## Your objective
Without including any pictures, write out all the records word for word.

## Data records
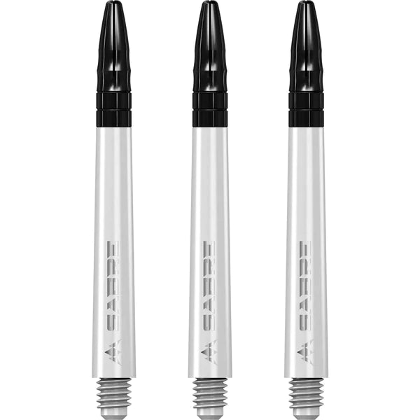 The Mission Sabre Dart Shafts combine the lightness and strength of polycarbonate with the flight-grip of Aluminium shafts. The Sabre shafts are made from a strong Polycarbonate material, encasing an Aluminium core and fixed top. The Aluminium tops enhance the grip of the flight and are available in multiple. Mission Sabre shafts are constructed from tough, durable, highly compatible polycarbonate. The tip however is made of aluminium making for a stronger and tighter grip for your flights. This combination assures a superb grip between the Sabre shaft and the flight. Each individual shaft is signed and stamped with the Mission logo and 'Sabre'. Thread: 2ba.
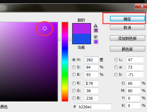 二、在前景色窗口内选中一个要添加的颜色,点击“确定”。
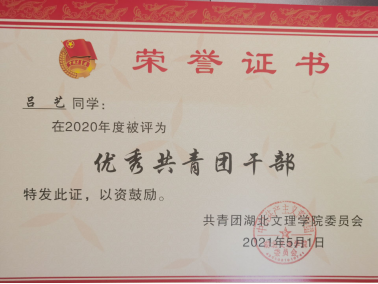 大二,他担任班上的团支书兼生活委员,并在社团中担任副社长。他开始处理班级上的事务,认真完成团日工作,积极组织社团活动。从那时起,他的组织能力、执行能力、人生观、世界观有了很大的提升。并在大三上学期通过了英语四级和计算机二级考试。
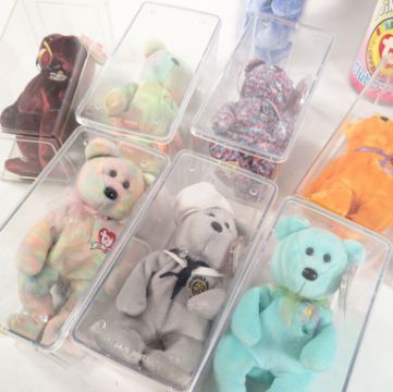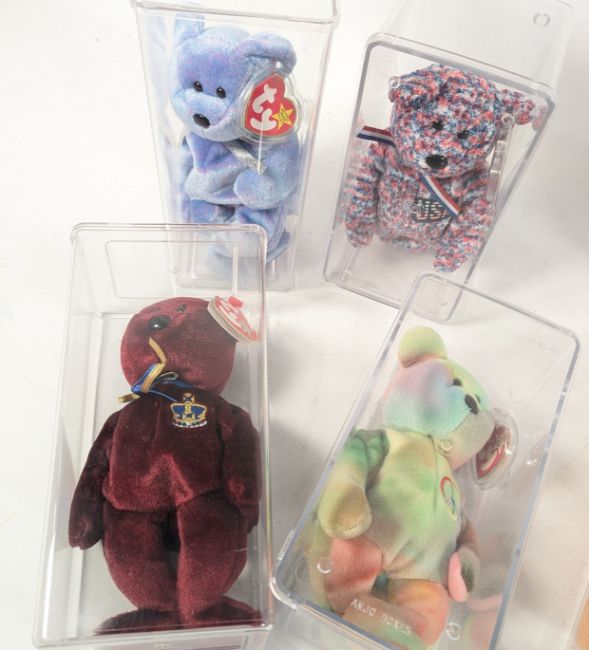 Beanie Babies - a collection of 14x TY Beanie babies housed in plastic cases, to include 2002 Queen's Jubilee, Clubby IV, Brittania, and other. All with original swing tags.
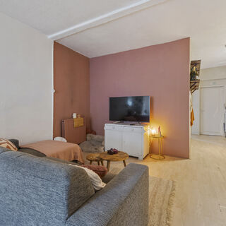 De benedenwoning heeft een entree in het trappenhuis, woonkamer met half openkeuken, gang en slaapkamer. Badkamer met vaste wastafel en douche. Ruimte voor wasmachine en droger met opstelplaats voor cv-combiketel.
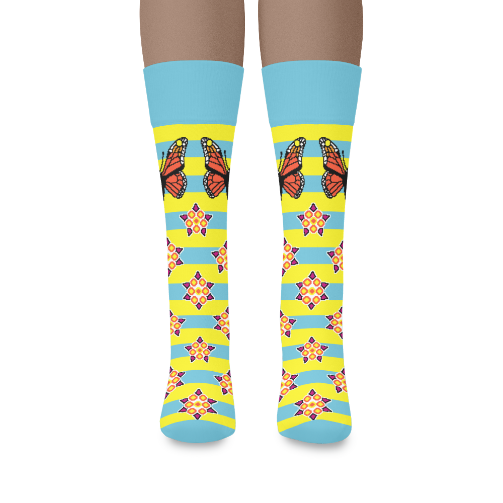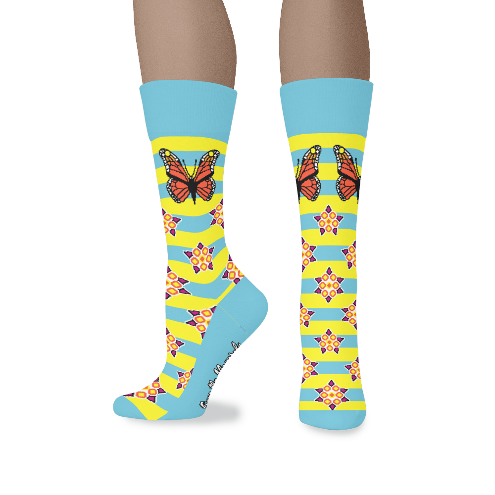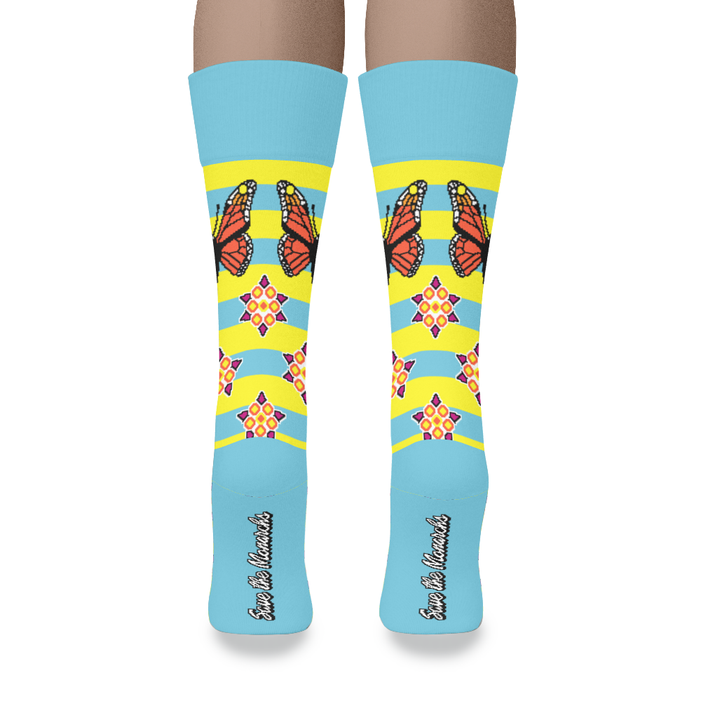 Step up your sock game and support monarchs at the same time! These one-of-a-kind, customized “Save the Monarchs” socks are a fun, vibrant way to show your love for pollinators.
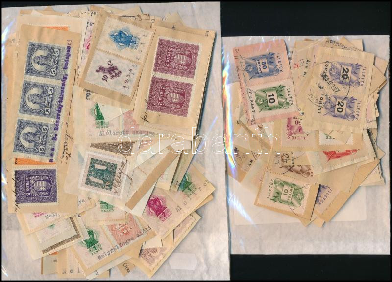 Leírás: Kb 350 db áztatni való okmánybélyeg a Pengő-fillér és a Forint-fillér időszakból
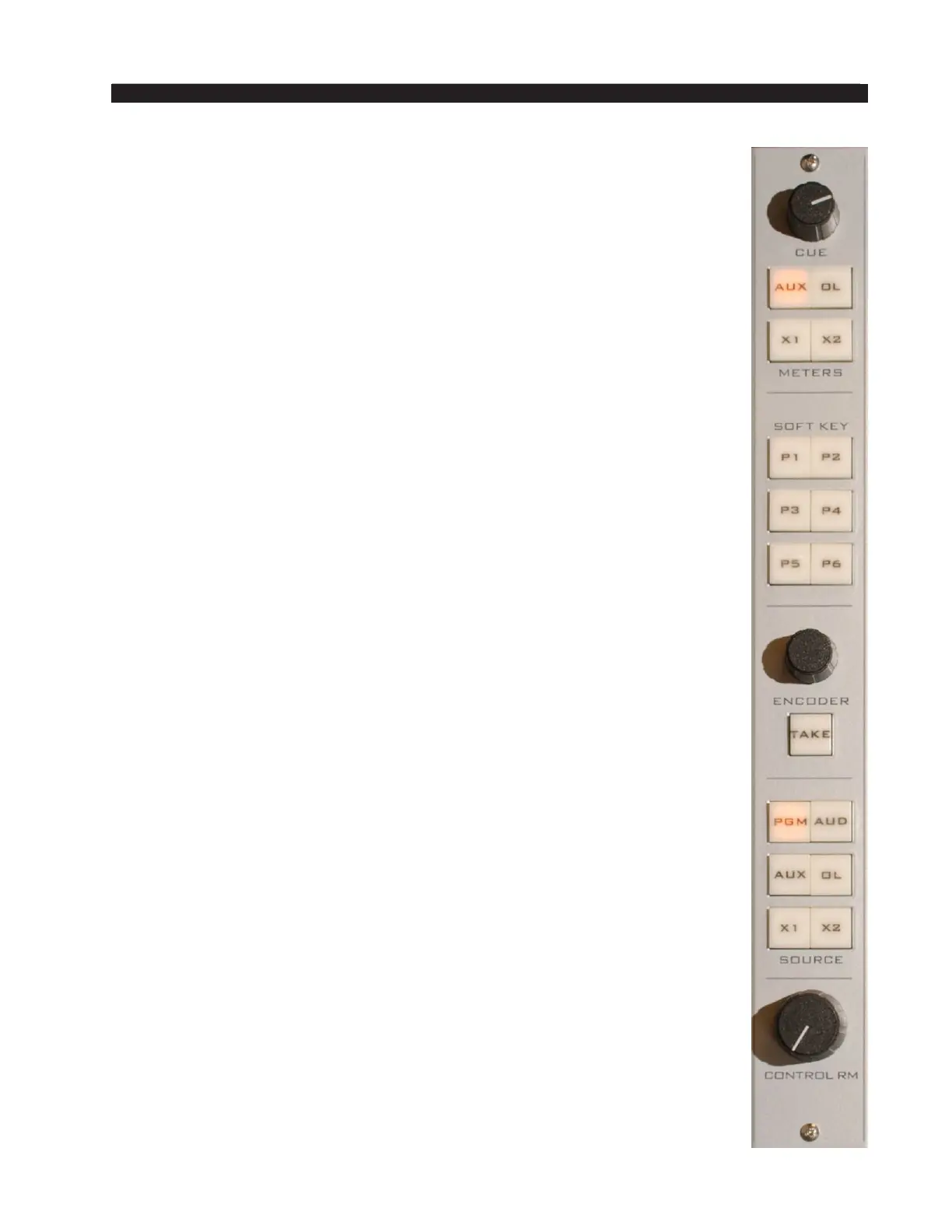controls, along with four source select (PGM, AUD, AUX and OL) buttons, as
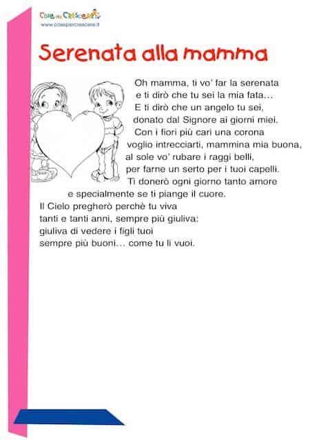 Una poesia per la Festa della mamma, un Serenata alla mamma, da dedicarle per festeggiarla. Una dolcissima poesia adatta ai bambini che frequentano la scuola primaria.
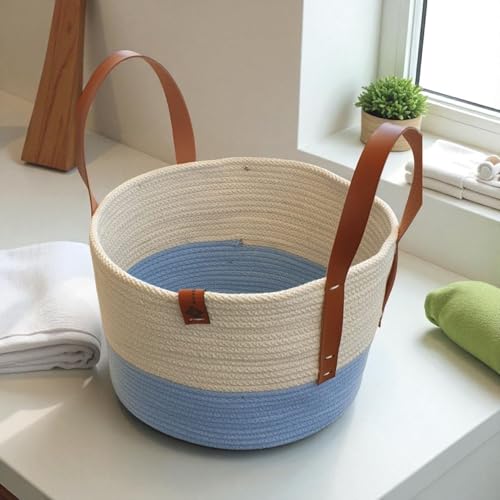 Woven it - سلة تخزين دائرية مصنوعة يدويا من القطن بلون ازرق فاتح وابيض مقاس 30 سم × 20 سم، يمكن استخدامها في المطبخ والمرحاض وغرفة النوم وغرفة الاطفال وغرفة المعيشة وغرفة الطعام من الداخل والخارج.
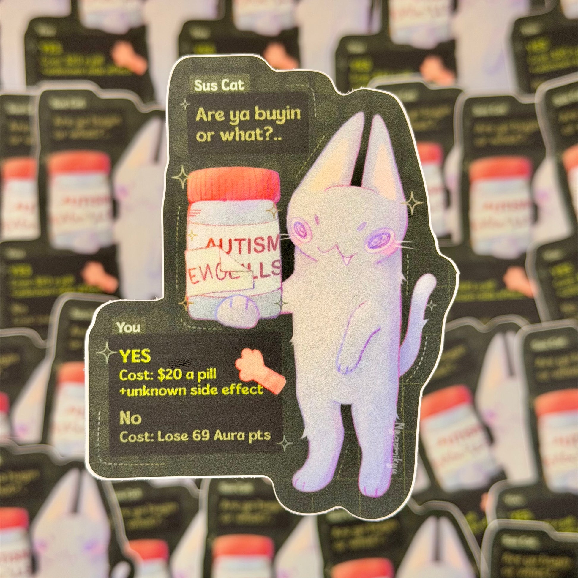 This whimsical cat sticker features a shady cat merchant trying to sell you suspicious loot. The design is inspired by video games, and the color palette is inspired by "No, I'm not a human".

## Completed task
 The Mission Sabre Dart Shafts combine the lightness and strength of polycarbonate with the flight-grip of Aluminium shafts. The Sabre shafts are made from a strong Polycarbonate material, encasing an Aluminium core and fixed top. The Aluminium tops enhance the grip of the flight and are available in multiple. Mission Sabre shafts are constructed from tough, durable, highly compatible polycarbonate. The tip however is made of aluminium making for a stronger and tighter grip for your flights. This combination assures a superb grip between the Sabre shaft and the flight. Each individual shaft is signed and stamped with the Mission logo and 'Sabre'. Thread: 2ba.
 二、在前景色窗口内选中一个要添加的颜色,点击“确定”。
 大二,他担任班上的团支书兼生活委员,并在社团中担任副社长。他开始处理班级上的事务,认真完成团日工作,积极组织社团活动。从那时起,他的组织能力、执行能力、人生观、世界观有了很大的提升。并在大三上学期通过了英语四级和计算机二级考试。
 Beanie Babies - a collection of 14x TY Beanie babies housed in plastic cases, to include 2002 Queen's Jubilee, Clubby IV, Brittania, and other. All with original swing tags.
 De benedenwoning heeft een entree in het trappenhuis, woonkamer met half openkeuken, gang en slaapkamer. Badkamer met vaste wastafel en douche. Ruimte voor wasmachine en droger met opstelplaats voor cv-combiketel.
 Step up your sock game and support monarchs at the same time! These one-of-a-kind, customized “Save the Monarchs” socks are a fun, vibrant way to show your love for pollinators.
 Leírás: Kb 350 db áztatni való okmánybélyeg a Pengő-fillér és a Forint-fillér időszakból
controls, along with four source select (PGM, AUD, AUX and OL) buttons, as
 Una poesia per la Festa della mamma, un Serenata alla mamma, da dedicarle per festeggiarla. Una dolcissima poesia adatta ai bambini che frequentano la scuola primaria.
 Woven it - سلة تخزين دائرية مصنوعة يدويا من القطن بلون ازرق فاتح وابيض مقاس 30 سم × 20 سم، يمكن استخدامها في المطبخ والمرحاض وغرفة النوم وغرفة الاطفال وغرفة المعيشة وغرفة الطعام من الداخل والخارج.
 This whimsical cat sticker features a shady cat merchant trying to sell you suspicious loot. The design is inspired by video games, and the color palette is inspired by "No, I'm not a human".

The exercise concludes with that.